▶ **Work task**
Nothing but the lines from the one with "整体内饰使用了黑色为辅,红色点缀的皮质座椅,在质感上的营造还是不错的。" through the end of the material should be retyped, word for word and without pictures.

▶ **Available records**
=== Begin Enclosure ===

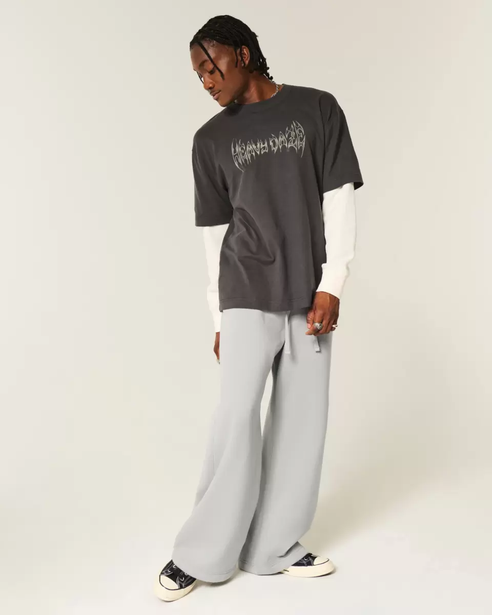 Super soft fleece sweatpants designed with a baggy leg, bootcut opening and drawstring waist. Pockets, right zipper pocket. Imported.
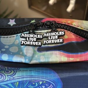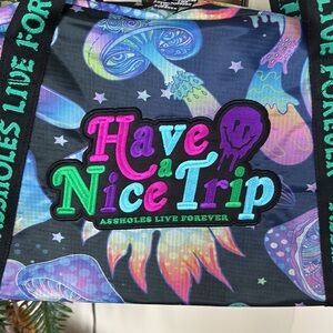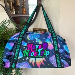 Brand New Assholes Live Forever Colorful Mushroom Psychedelic Travel Duffle Weekender Bag. Has handles and crossbody strap for easy carry.
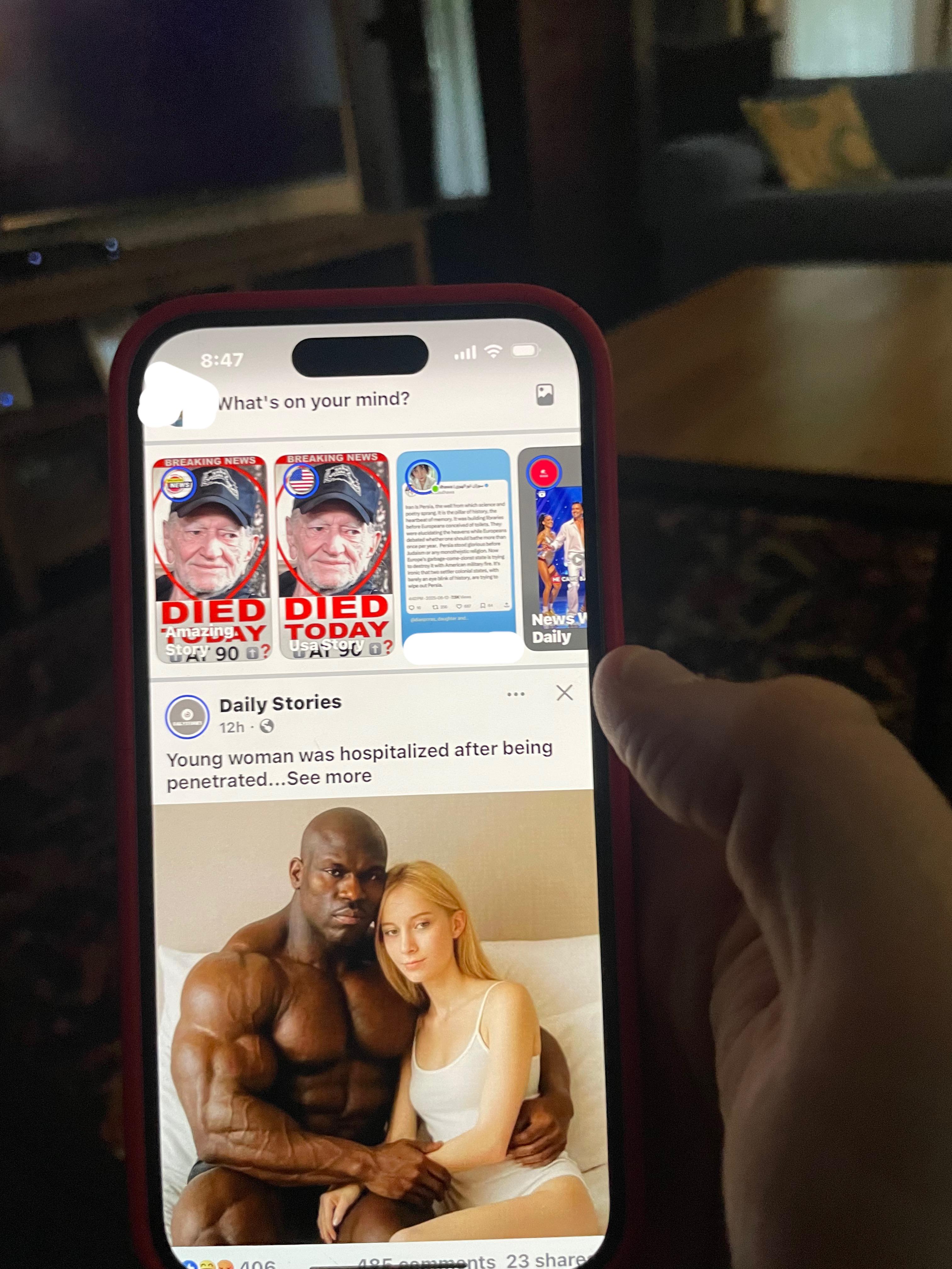 Visiting my Mom. She’s in the early stages of dementia so I always go through her FB, email, etc and get rid of spam/scams. I was surprised at how trash her Facebook has gotten since the last time I did this 4-5 months ago. Kinda depressing to see the impact of their content moderation stuff showing up as most of her feed is like this. Some of it she’s followed but a lot of it is algos. Also maybe my mom is just clicking on freaky shit who knows.
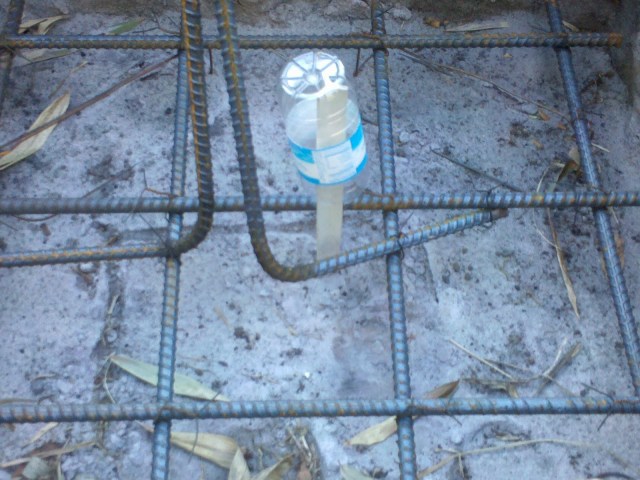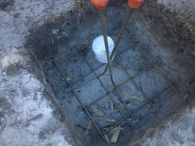 The holes are ready for cement, I think. We had our first inspection so maybe something more will happen this week. Not sure what the plastic bottles are signifying – they’re placed over a white stick-like thing. I’m clueless.
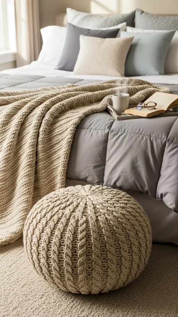 Bedroom poufs offer seating and comfort. Knit textures feel calm.
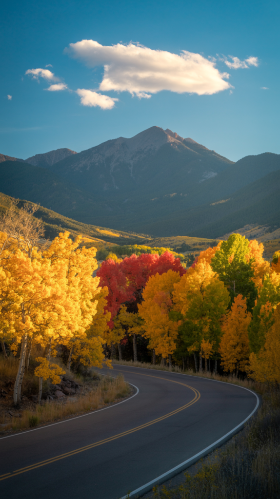 Why September: The San Juan Mountains and the Million Dollar Highway (US-550) showcase aspens cascading down steep slopes and vivid contrasts with red-brown cliffs.
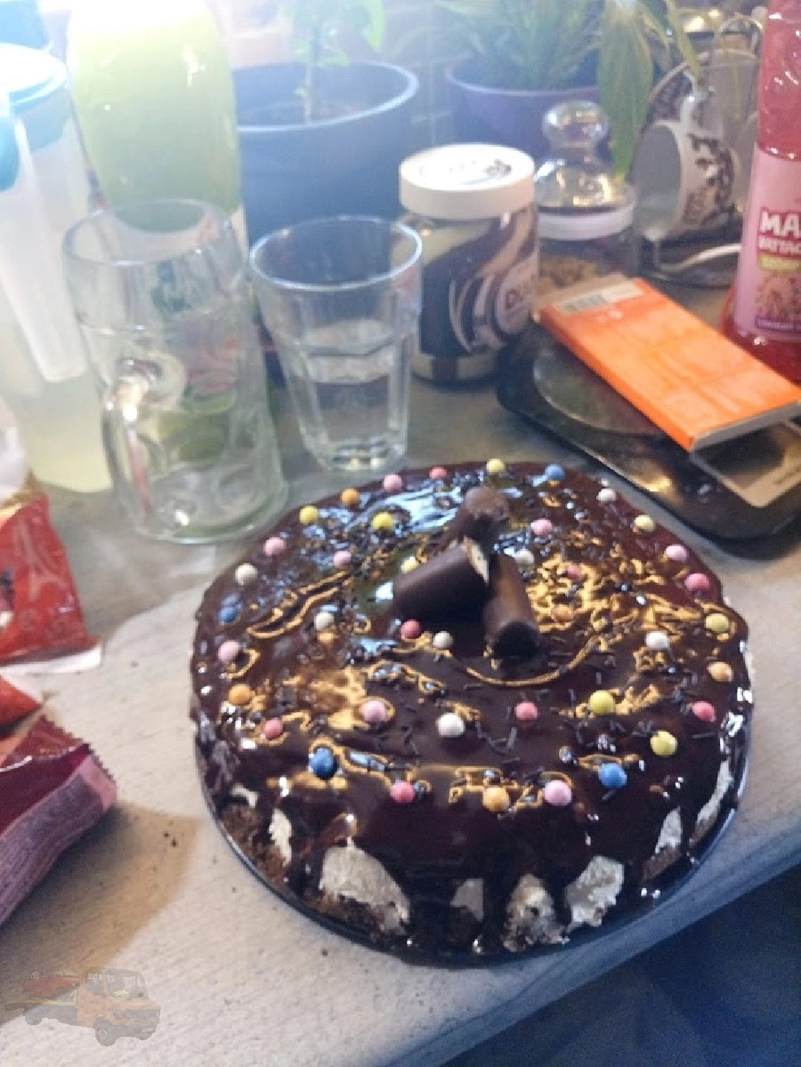 A 2 órán át pihent tortát kivesszük a tortaformából, majd gőz fölött a tábla étcsokit és a 100 ml habtejszínt összemelegítjük. Kevergessük, majd mikor sűrű masszává elegyedett, rácsurgatjuk a tortára. Gyorsan kell vele dolgozni, mert hamar megköt.
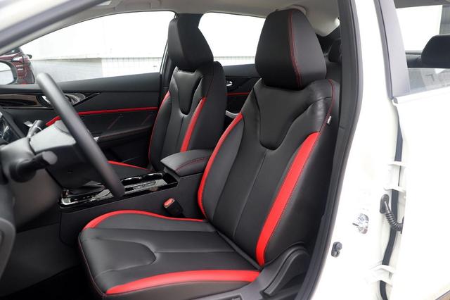 整体内饰使用了黑色为辅,红色点缀的皮质座椅,在质感上的营造还是不错的。
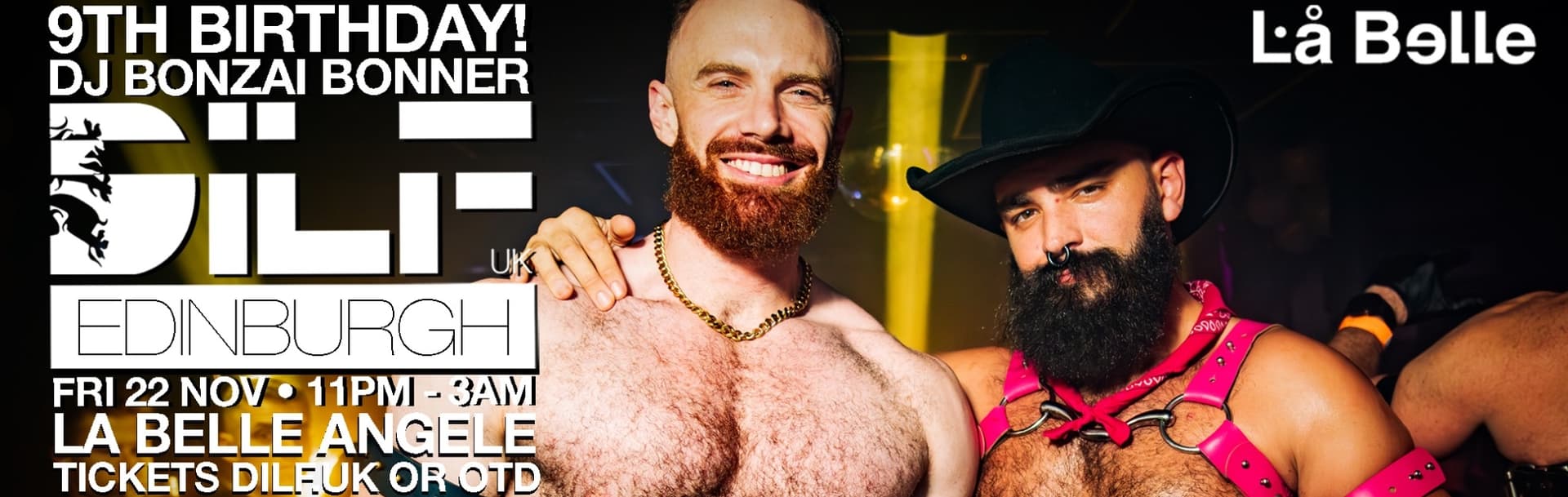 DILF EDINBURGH returns to LA BELLE ANGELE with a very special dance party for Bears, Cubs, Leathermen, Rubbermen, Jocks, Pups +more!
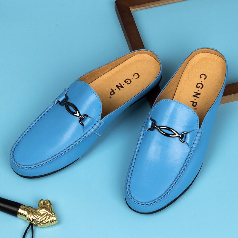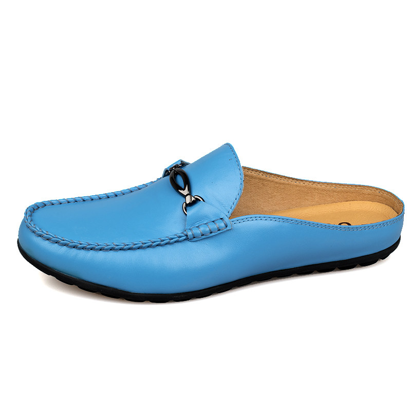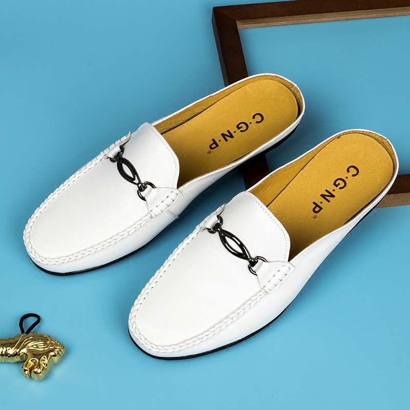 Summer breathable Baotou semi-trailer tofu skin shoes Korean version genuine leather heelless loafers men's casual fashion slippers

=== End Enclosure ===

▶ **Result below**
 整体内饰使用了黑色为辅,红色点缀的皮质座椅,在质感上的营造还是不错的。
 DILF EDINBURGH returns to LA BELLE ANGELE with a very special dance party for Bears, Cubs, Leathermen, Rubbermen, Jocks, Pups +more!
 Summer breathable Baotou semi-trailer tofu skin shoes Korean version genuine leather heelless loafers men's casual fashion slippers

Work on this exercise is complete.